The former Salters' Hall in St Swithin's Lane London EC4, bombed in 1941, was during the 1700s a meeting place for Presbyterians and in 1719 the site of the "Salters' Hall controversy" a notable turning point for religious tolerance in England.

The present Salters' Hall on Fore Street, EC2 dates from 1976, designed by architect Sir Basil Spence, being Grade II-listed in 2010. A major redevelopment by architects de Metz Forbes Knight including a new entrance pavilion was completed in 2016.

==Salters' Institute==
Established in 1918 as the Salters' Institute of Industrial Chemistry to support chemistry students after the First World War, particularly those whose studies had been interrupted by military service, the Salters' Company educational charity awards prizes for students of chemistry, chemical engineering, biology and physics (plus science technicians), as well as running various activities to promote the study of science.

==Coat of arms==
The Company received a grant of arms in 1530 from Thomas Benolt, then its crest and supporters in 1591 from Robert Cooke, both Clarenceux Kings of Arms.

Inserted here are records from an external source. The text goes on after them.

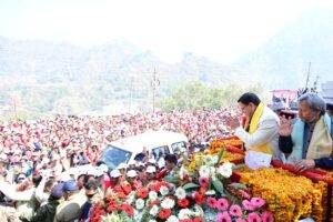 धामी का गोचर में रोड शो,चार अरब की 604 परियोजनाओं का उद्घाटन और शिलान्यास
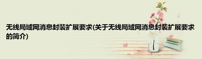 本文关于无线局域网消息封装扩展要求的简介就讲解完毕,希望对大家有所帮助。
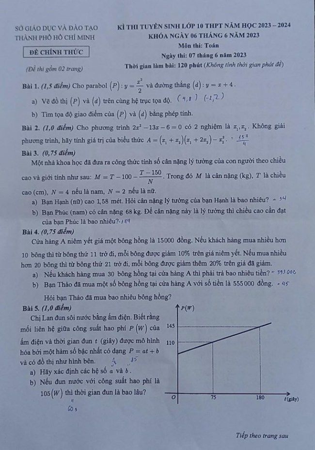 Theo Sở GD&ĐT TPHCM, bài toán trong đề thi môn toán vào lớp 10 công lập đưa ra nội dung liên quan hiện tượng thực tế là quá trình đun làm sôi nước trong một ấm điện.
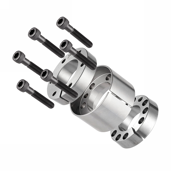 Зажимные втулки применяются для быстрой установки на вал и демонтажа различных элементов трансмиссии, таких как кулачковые муфты, звездочки, клиновые и зубчатые шкивы.
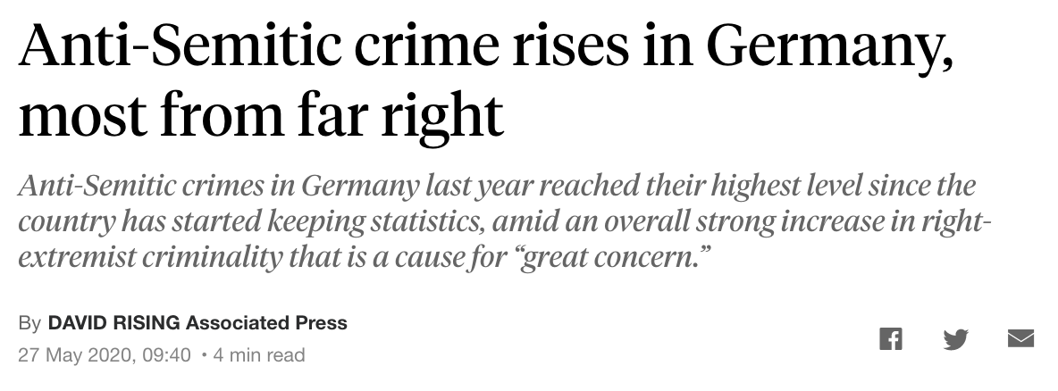Anti-Semitic crimes in Germany last year reached their highest level since the country started keeping statistics, amid an overall strong increase in right-extremist criminality that is a cause for “great concern,” Interior Minister Horst Seehofer said Wednesday.

The Salters' arms are blazoned:

Escutcheon: Per chevron Azure and Gules three Covered Salts Argent garnished Or overflowing of the Third.

Crest: On a Wreath of the Colours a Cubit Arm erect issuing from Clouds all Proper holding a Covered Salt Argent garnished Or.

Supporters: Two Ounces Sable bezanty ducally gorged and chained Or.

Its motto is Sal Sapit Omnia, Latin for Salt Savours All.